*PROBLEM REQUIREMENTS*
All of the data should be reproduced word for word, though its pictures must be omitted.

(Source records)
==================================================

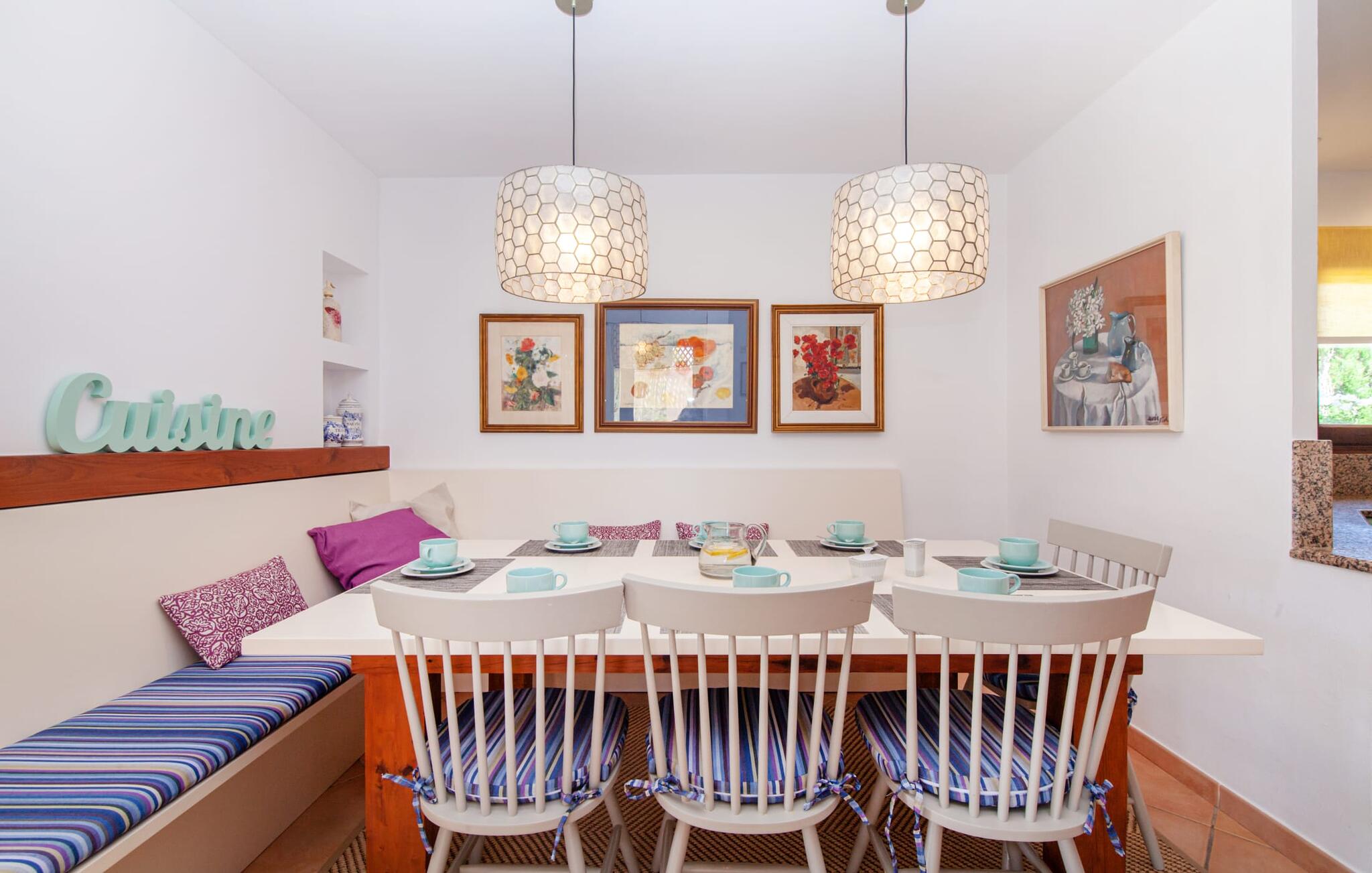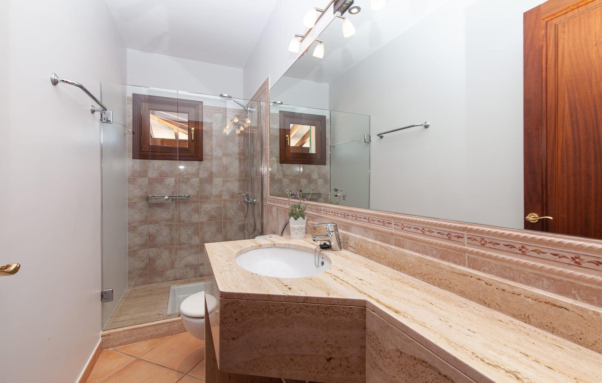 Binnen in de villa ontbreekt het je aan niets. Vanuit de stijlvolle woonkamer, die is uitgerust met een flatscreentelevisie, een moderne open haard en een bank die uitnodigt om te ontspannen en tot rust te komen, kom je in de eetkamer, die overloopt in de open keuken. De kleuren van het houten meubilair harmoniëren met de heldere, strakke lijnen en geven je het gevoel dat je je perfecte tijdelijke thuis hebt gevonden. De grote werkoppervlakken in de keuken bieden je genoeg ruimte om grotere gerechten te bereiden zonder dat je ruimte tekort komt. Naast het gastentoilet vind je ook drie slaapkamers en twee badkamers (waarvan één en-suite) op de begane grond, die aan de achterkant van het huis ligt. De architecten hebben vrijgevigheid laten overheersen in de badkamers, ook in het gebruik van materialen. Houten en marmeren elementen gaan prachtig samen en laten er geen twijfel over bestaan dat je hier voor een eersteklas huis hebt gekozen. Via de trap naar de bovenste verdieping bereik je een warme kandidaat voor je favoriete plekje: hier lopen het slaap- en badkamergedeelte direct in elkaar over. Je kunt genieten van een indrukwekkend uitzicht vanaf het dakterras, de ideale plek voor gezellige bijeenkomsten en het plannen van excursies naar het prachtige oosten van het eiland.
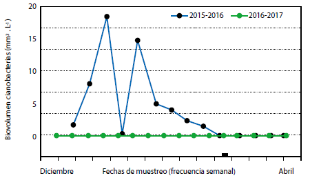 Variación temporal de la abundancia de cianobacterias (biovolumen de cianobacterias) en el subsistema Laguna del Sauce para los dos períodos considerados. En celeste: temporada diciembre 2015 – abril 2016; en verde: temporada diciembre 2016 – abril 2017.
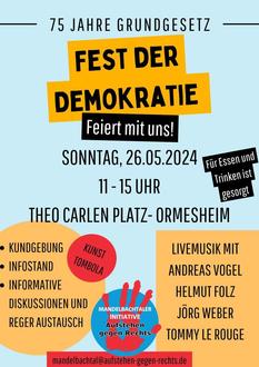Als weitere Antwort gegen Bestrebungen von Rechtsextremisten, die freiheitlich demokratische Grundordnung zu beseitigen, wird ein Fest für die Demokratie am Sonntag, den 26. Mai in Ormesheim vorbereitet.
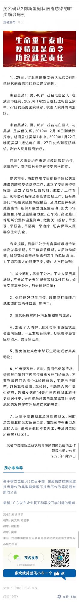 新闻 〈不信谣不传谣·持续更新〉茂名新型冠状病毒感染的肺炎确诊病例 (3人在浏览)
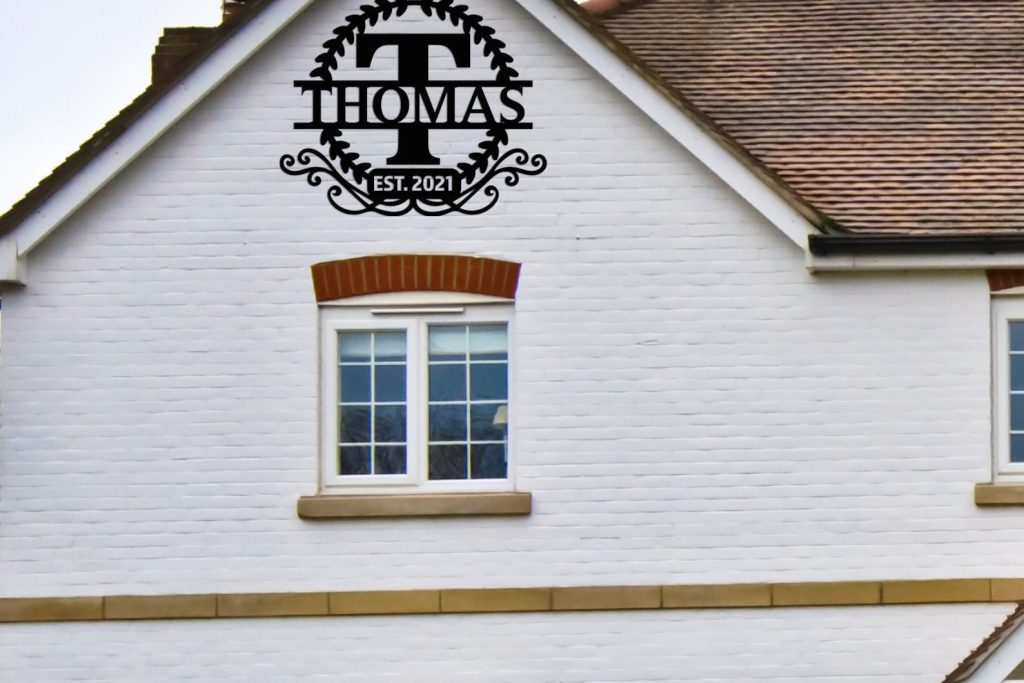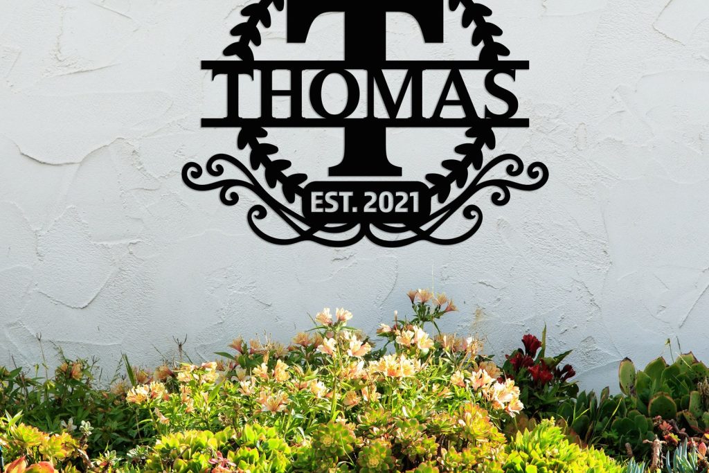 It9;s a great way to show off your family name in an elegant way! You can customize it with any family name, business name, house number, full address or any text. This sign is made from metal and coated with high-quality electrostatic powder coating. So it will last for many years without rusting or fading in the sun. It9;s also easy to hanging to wall.
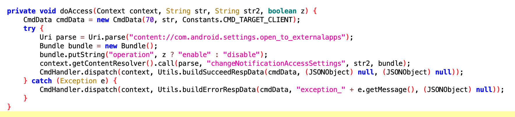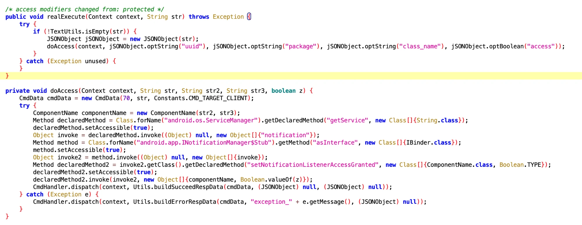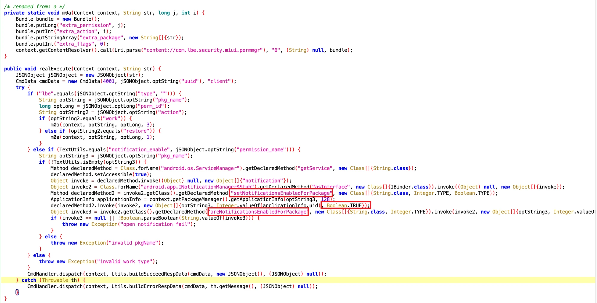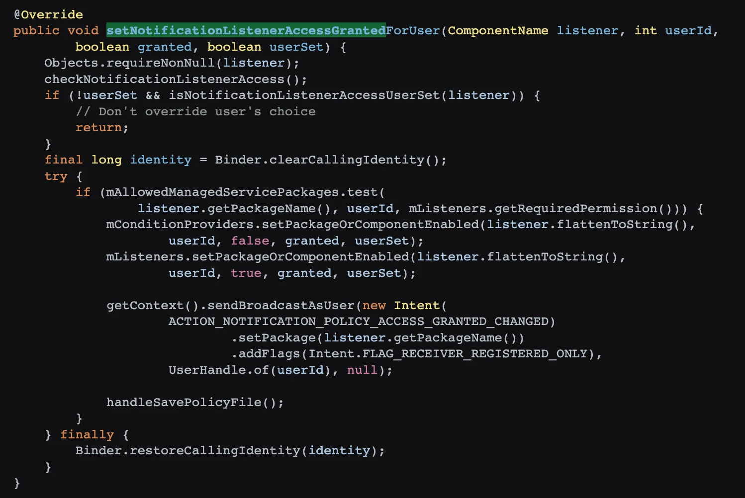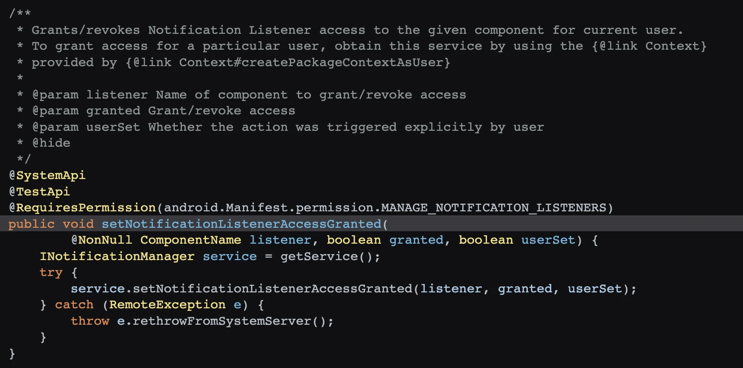 这个反射调用的 setNotificationListenerAccessGranted 是个 SystemAPI,获得通知的使用权,果然有权限就可以为所欲为

==================================================

*SOLUTION*
 Binnen in de villa ontbreekt het je aan niets. Vanuit de stijlvolle woonkamer, die is uitgerust met een flatscreentelevisie, een moderne open haard en een bank die uitnodigt om te ontspannen en tot rust te komen, kom je in de eetkamer, die overloopt in de open keuken. De kleuren van het houten meubilair harmoniëren met de heldere, strakke lijnen en geven je het gevoel dat je je perfecte tijdelijke thuis hebt gevonden. De grote werkoppervlakken in de keuken bieden je genoeg ruimte om grotere gerechten te bereiden zonder dat je ruimte tekort komt. Naast het gastentoilet vind je ook drie slaapkamers en twee badkamers (waarvan één en-suite) op de begane grond, die aan de achterkant van het huis ligt. De architecten hebben vrijgevigheid laten overheersen in de badkamers, ook in het gebruik van materialen. Houten en marmeren elementen gaan prachtig samen en laten er geen twijfel over bestaan dat je hier voor een eersteklas huis hebt gekozen. Via de trap naar de bovenste verdieping bereik je een warme kandidaat voor je favoriete plekje: hier lopen het slaap- en badkamergedeelte direct in elkaar over. Je kunt genieten van een indrukwekkend uitzicht vanaf het dakterras, de ideale plek voor gezellige bijeenkomsten en het plannen van excursies naar het prachtige oosten van het eiland.
 Variación temporal de la abundancia de cianobacterias (biovolumen de cianobacterias) en el subsistema Laguna del Sauce para los dos períodos considerados. En celeste: temporada diciembre 2015 – abril 2016; en verde: temporada diciembre 2016 – abril 2017.
Als weitere Antwort gegen Bestrebungen von Rechtsextremisten, die freiheitlich demokratische Grundordnung zu beseitigen, wird ein Fest für die Demokratie am Sonntag, den 26. Mai in Ormesheim vorbereitet.
 新闻 〈不信谣不传谣·持续更新〉茂名新型冠状病毒感染的肺炎确诊病例 (3人在浏览)
 It9;s a great way to show off your family name in an elegant way! You can customize it with any family name, business name, house number, full address or any text. This sign is made from metal and coated with high-quality electrostatic powder coating. So it will last for many years without rusting or fading in the sun. It9;s also easy to hanging to wall.
 这个反射调用的 setNotificationListenerAccessGranted 是个 SystemAPI,获得通知的使用权,果然有权限就可以为所欲为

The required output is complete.